Tuesday, August 19, 2008

Its alright........i'll be ok


I sat in the physician's office with my dad, he'd just been going downhill for some time, and finally he knew he just had to understand the reasons for his physical failings.
Following some brief but revealing simple tests, the doctor advised admission to the hospital. As we waited for the doctor to make arrangements… I looked at dad and said…"well, finally we'll get to the bottom of this".. Dad replied, "aw, I'll probably croak there." I just said "Naw, you can't, I need you too much'"…he grabbed my hand tight for as weak as he was, and said, " I need you too"….with his weak tired smile...

Once at the hospital, the more doctors that came, the less I liked what I heard. Recounting the last 2 months and more of how he had just went downhill in my mind, plus knowing the investigative procedures they were planning on doing, added to some information one physician just happened to leave out in 2007, some very shocking information.

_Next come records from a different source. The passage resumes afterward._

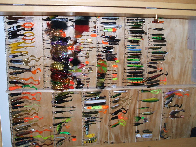 I put a long screw on the rows with heavy rubber to help the dowels from sagging. If u look next to the walleye heli-dawg u can see the screw. And yea some the baits will be for sale. When I get some time this winter I'll post the baits 4 sale.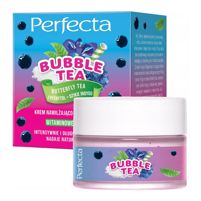 Krem nawilżająco‑rozświetlający z linii Bubble Tea marki Perfecta intensywnie nawilża skórę, dodaje jej naturalnego blasku oraz działa kojąco i łagodząco. Formuła zawiera ekstrakt z Butterfly Tea (niebieskiej herbaty), erytrytol, dzikie indygo, olej z pestek winogron, olej macadamia oraz masło shea. W trakcie aplikacji krem uwalnia witaminowe kuleczki, które wspierają odżywienie skóry.
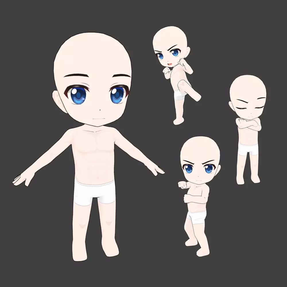 This is a stylized chibi male base character designed for anime and cartoon-style projects.The model includes a full-body rig, corrective shape keys, and multiple facial expressions for expressive and natural animation.

I watched as the tech did a procedure on dad. He lay so quiet and still. I thought to myself," dad, I really do need you, I'm not ready to let go, you have to hang with me".
And then I took another look….I saw a body, nothing but skin and bones, his face as white as the sheets, drifting off to sleep, as he does thru out the day….but is dad ready?…is he ready to go?….is he just too tired?
Its time Janice…time…to let go and say…"It's alright…I'll be ok, I'll take good care of mom."

Tuesday, August 5, 2008

at rest..

On August 3rd, my father entered his Heavenly home, at 12:10 pm with family members surrounding him. He rested peacefully that morning in his favorite spot to nap, his sofa in his living room, where the sun could shine upon him, as he always loved and that is where he passed from this world, but never from our hearts.

Thursday, July 24, 2008

my dear sweet father

my father...who i wrote about in my blog "the person behind the persona"...will be going home tomorrow...home to rest and have his last few words with his family...my dear sweet father is going home to die. Of course with the utmost of dignity, he prepares. He speaks of his service, his obituary, what he wishes to wear...he weeps over his deepest regret, placing his sweetheart, my mother in a nursing home..i reassure him that we will take good care of mother. but he knows, that any number of us will never replace his faithful presence with her. i remind him of all of his accomplishments, how well known and respected he is.. and that the attendance at his funeral will be many...he chides me for thinking such....but i smile at him for i know. i also know dear sweet Father that the heavens will shout as you enter in for He will be saying, "Well done good and faithful servant."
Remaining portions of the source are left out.